Task prompt. Using the listing below, please print exactly the lines from the one with "男性向けラノベタイトル風あだ名 | 『転生したらこじまけんじだった件』 |" through the one with "工場内の機械に,周波数102". Leave out every picture.
==========
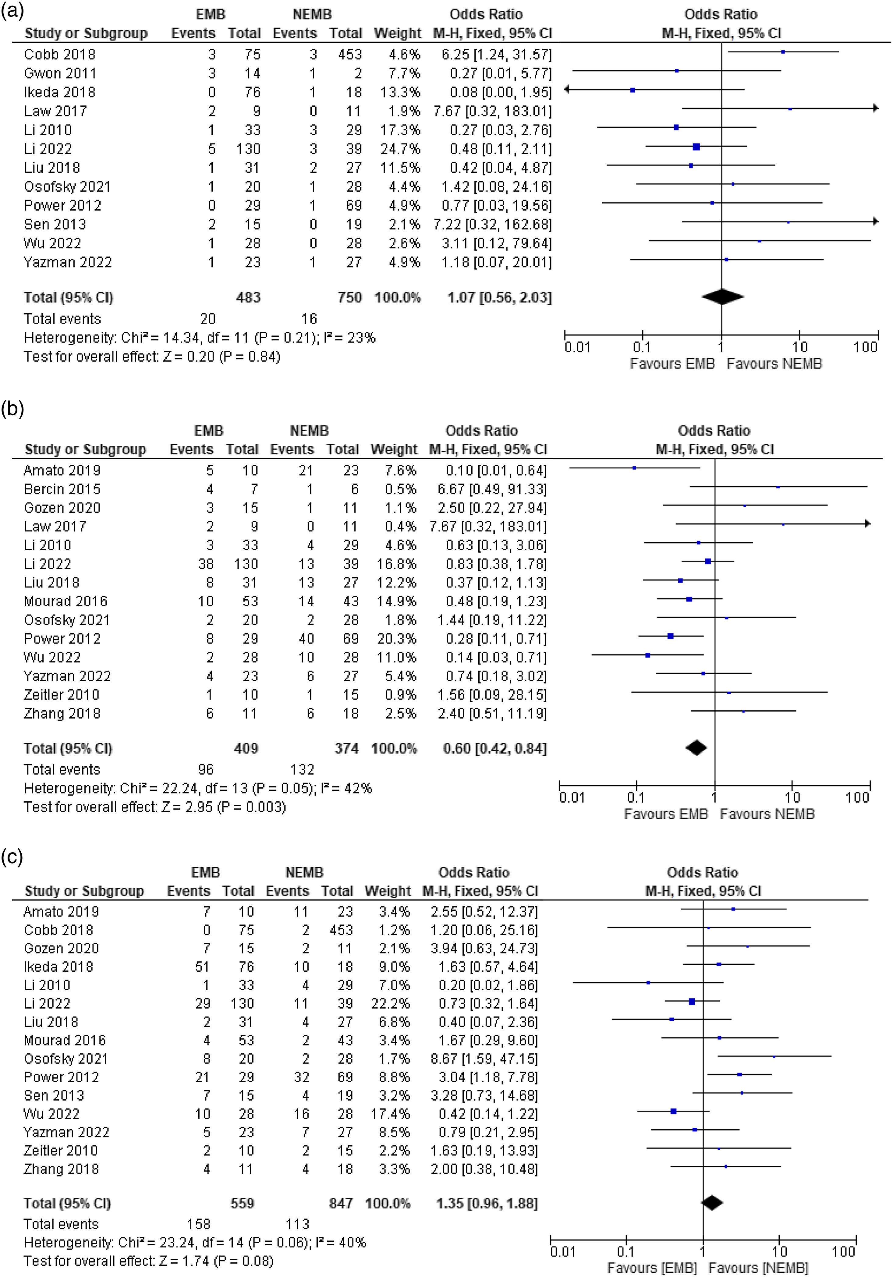 A major criterion of exclusion from the meta-analysis was studies failing to report incidence of complications separately for each group (EMB and NEMB).
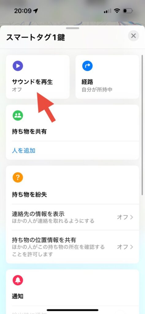 こちらの「サウンドを再生」ボタンを押すことで、【UGREEN スマートトラッカー】からサウンドが再生されるため、すぐに持ち物を見つけることができます。
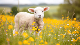 lamb field buttercups cute grazing sunny sunshine wildlife wild animal wildlife day hyperrealistic hd animal life adorable peaceful grass rural joyful farm outdoors green scenery meadow countryside vibrant spring young nature animals pastoralImagine Buddy
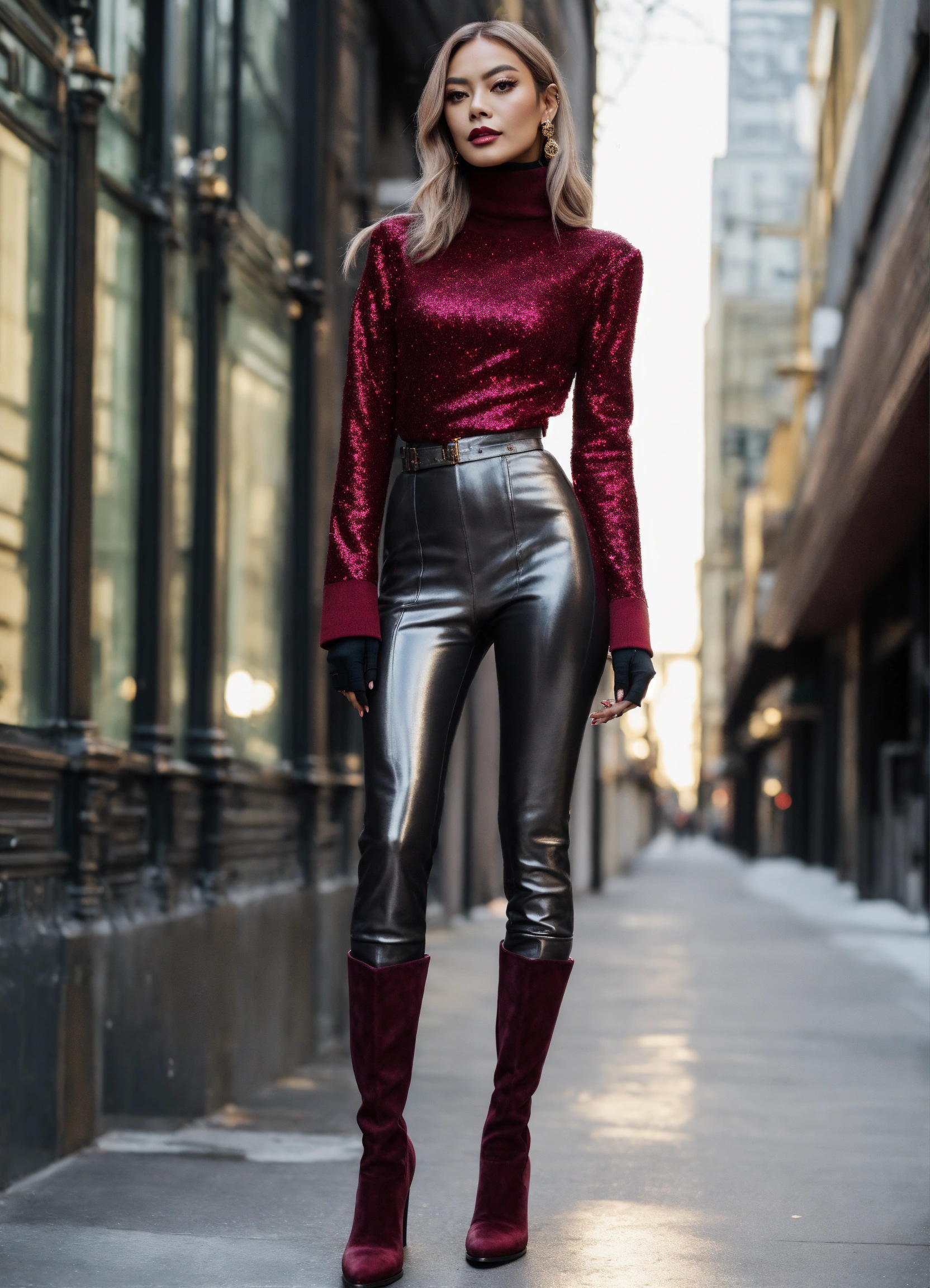 Jiu glamorous sparkly maroon and charcoal versace style full outfit with high boots
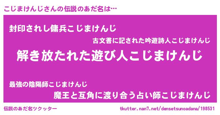 | 男性向けラノベタイトル風あだ名 | 『転生したらこじまけんじだった件』 |
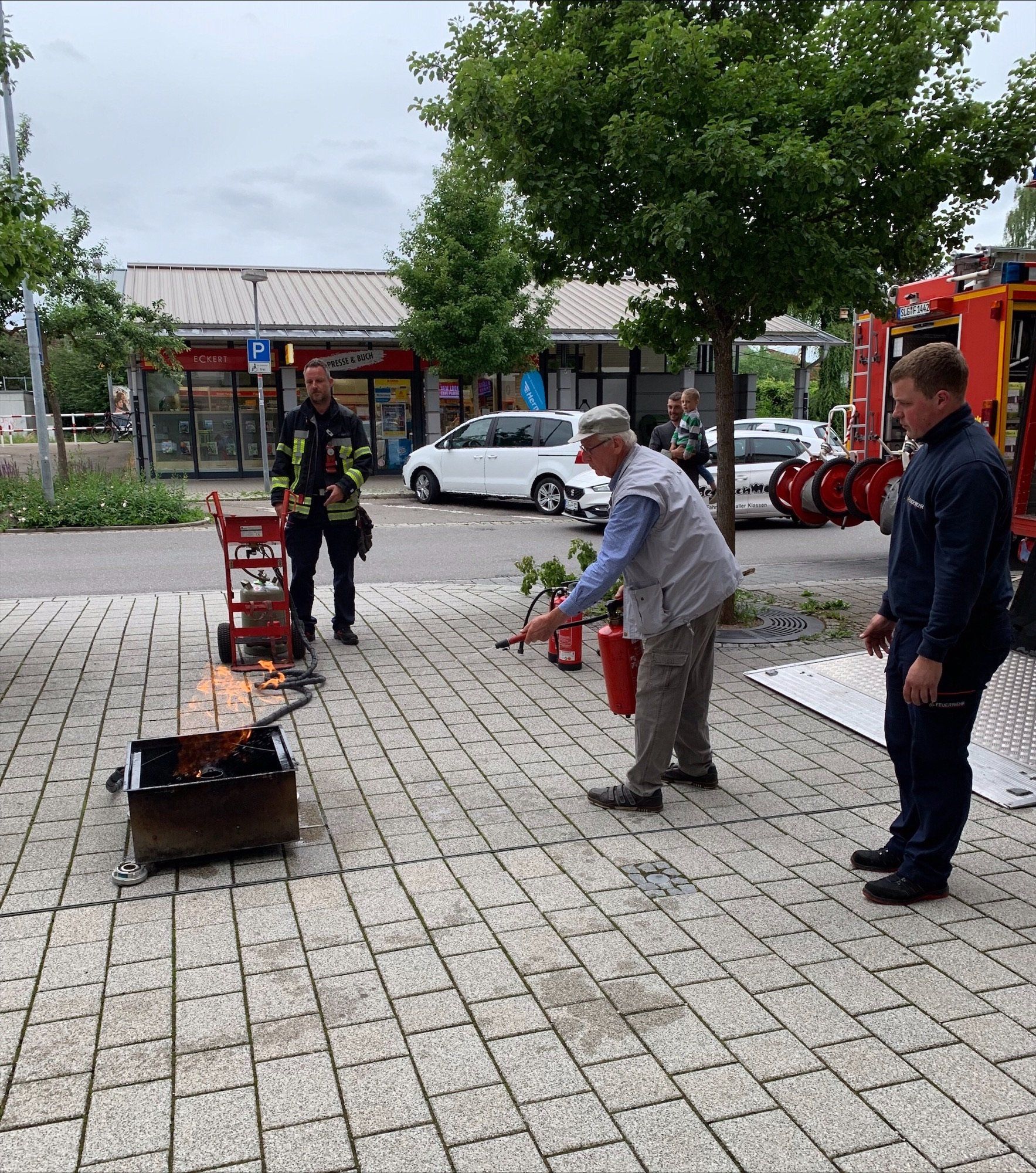 Vor den Räumen des BhB in der Karlstraße 7/1 führte die Freiwillige Feuerwehr Bad Saulgau eine Aufklärung zur Brandbekämpfung durch.
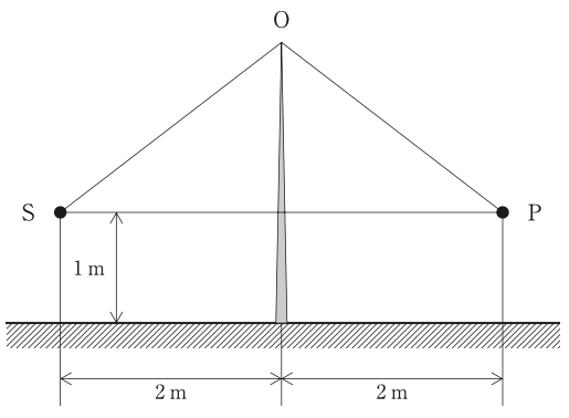 工場内の機械に,周波数1020Hzの純音性の騒音を発する全指向性点音源Sがある。点音源Sと測定点Pとの間には,下図のように高さ2.5mの塀(地表面から頂点Oまでの高さ)が設置されている。測定点Pでの騒音レベルを低減する必要が生じたことから,塀の高さを5mに変更することを計画している。この変更により,騒音レベルは約何dB低減するか。ただし,塀の長さは十分に長く,また,塀からの透過音及び地表面での反射音は無視できるものとする。音速を340m/s,√5=2.24として計算せよ。
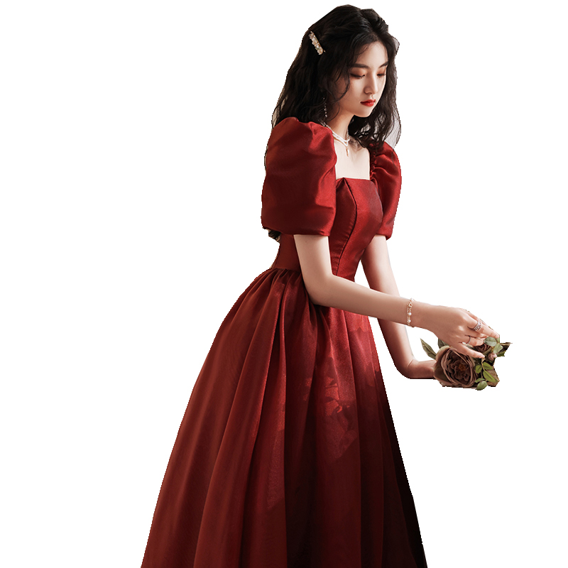 Toast clothing bride wine red advanced sense wedding dress fugitive princess engagement dress small pregnant women can wear summer
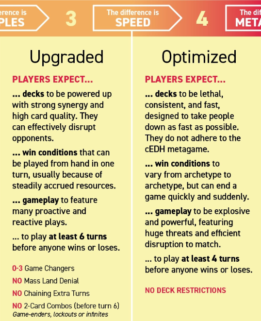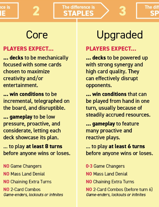 I support nearly all of this, with the exception of players expecting "decks to be unoptimized." While this might be true for some of the card choices, there are still plenty of "optimized" card choices that you should be able to put in your deck without pushing it to Upgraded. I mean, it's hard to get more optimized than Sol Ring, right?
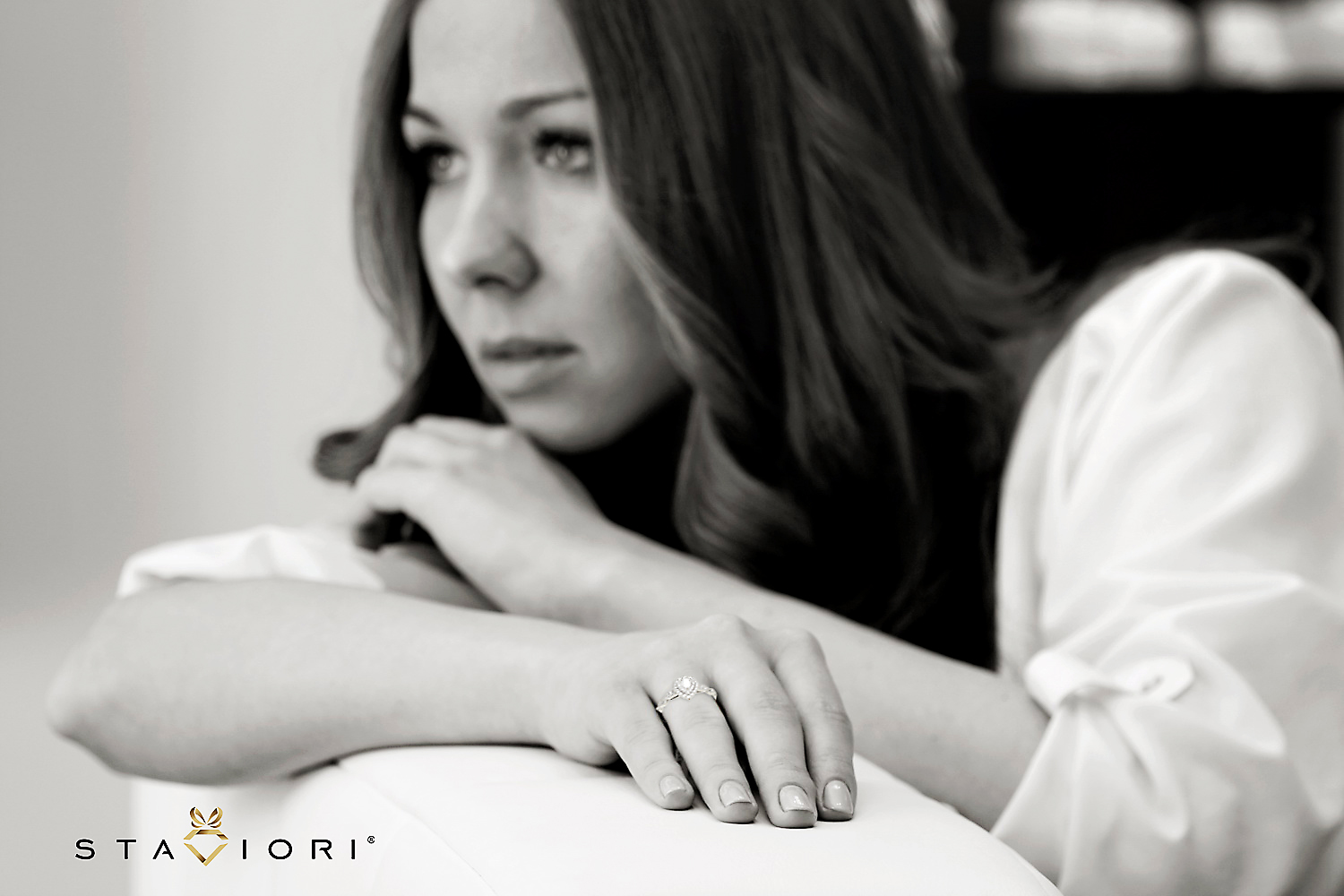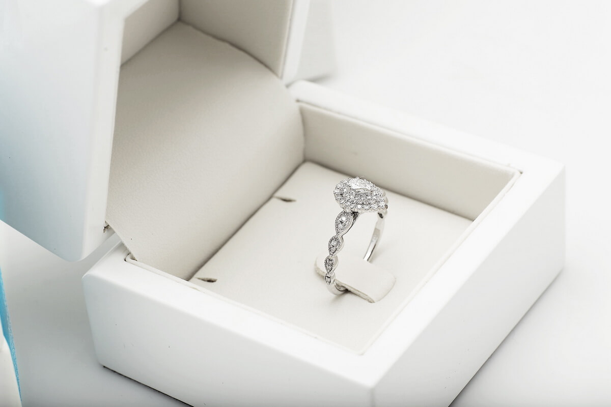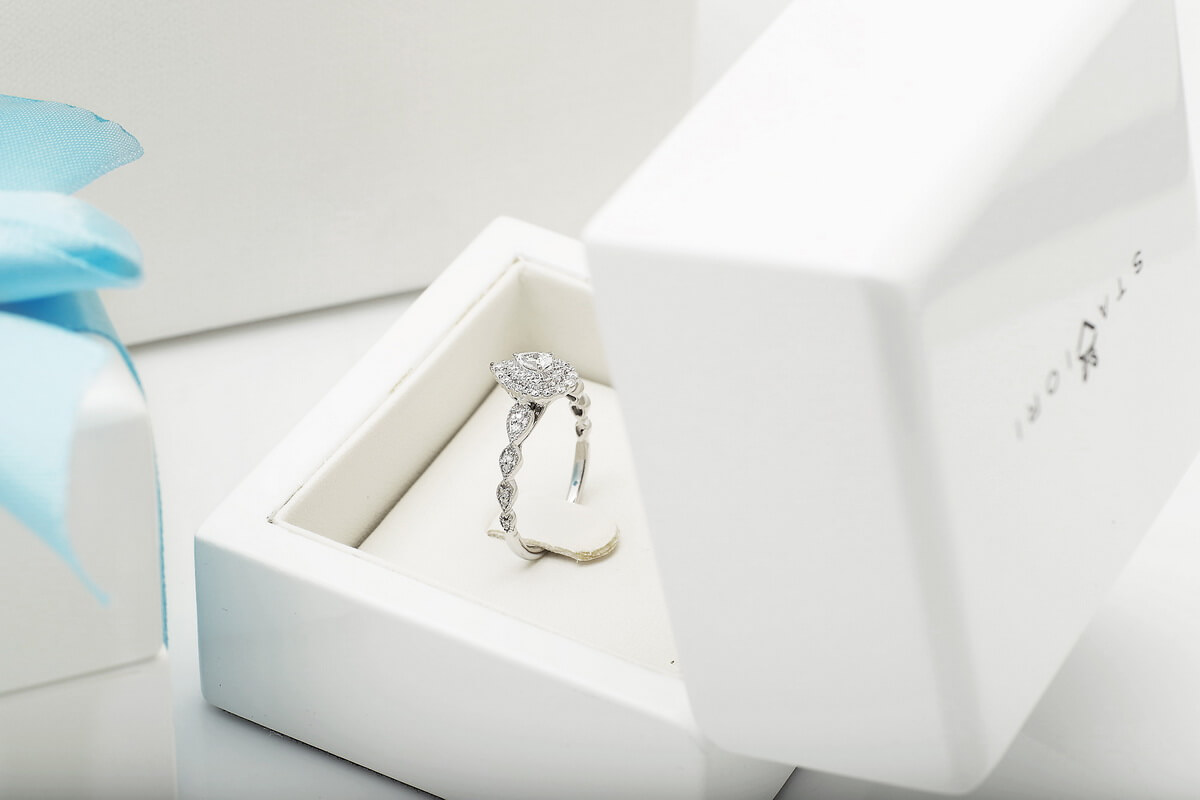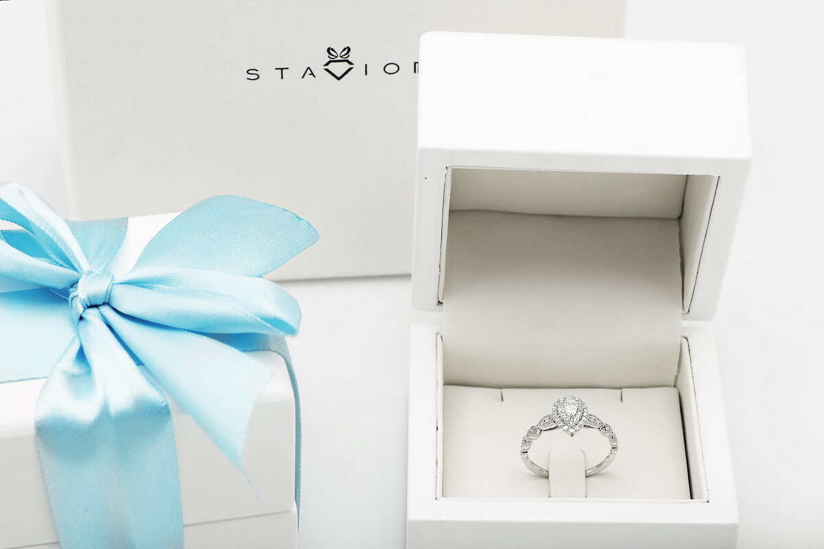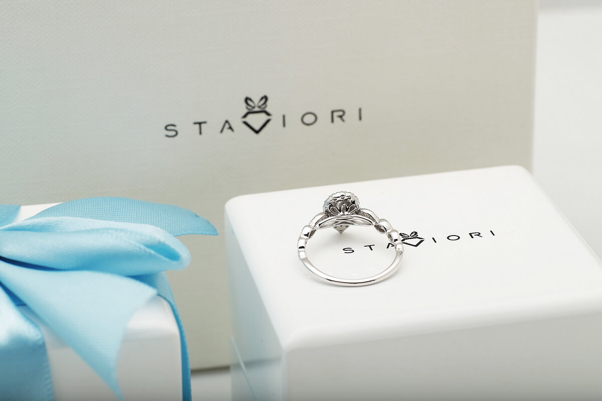 Kaunis sõrmus pirnikujulise (PEAR) keskse teemandiga ja 47 briljandiga. Erakordne ja imeliselt särav, sobib mitte ainult suurepäraseks kingituseks, vaid ka ideaalseks kihlumiseks.
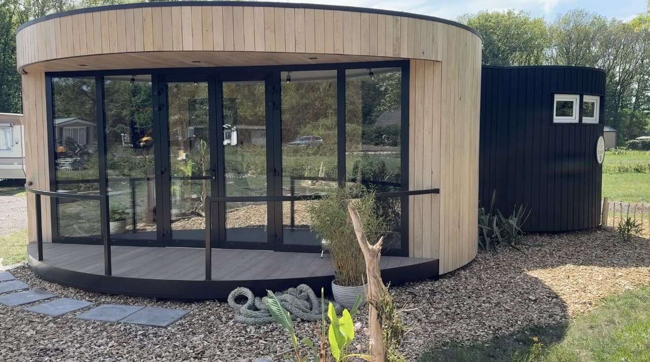 Deze Glamping Pod is geen standaard Tiny House. Dit duurzame, ronde Tiny House van hout is een echte eyecatcher met een luxe afwerking. Dankzij het organische, ronde ontwerp en de royale raampartijen geniet je van licht, ruimte en een prachtig uitzicht. Ideaal als vakantiewoning, trekkershut, luxe guesthouse, thuiskantoor of volwaardig Tiny House.
==========
Solution for this task.
 | 男性向けラノベタイトル風あだ名 | 『転生したらこじまけんじだった件』 |
 Vor den Räumen des BhB in der Karlstraße 7/1 führte die Freiwillige Feuerwehr Bad Saulgau eine Aufklärung zur Brandbekämpfung durch.
 工場内の機械に,周波数1020Hzの純音性の騒音を発する全指向性点音源Sがある。点音源Sと測定点Pとの間には,下図のように高さ2.5mの塀(地表面から頂点Oまでの高さ)が設置されている。測定点Pでの騒音レベルを低減する必要が生じたことから,塀の高さを5mに変更することを計画している。この変更により,騒音レベルは約何dB低減するか。ただし,塀の長さは十分に長く,また,塀からの透過音及び地表面での反射音は無視できるものとする。音速を340m/s,√5=2.24として計算せよ。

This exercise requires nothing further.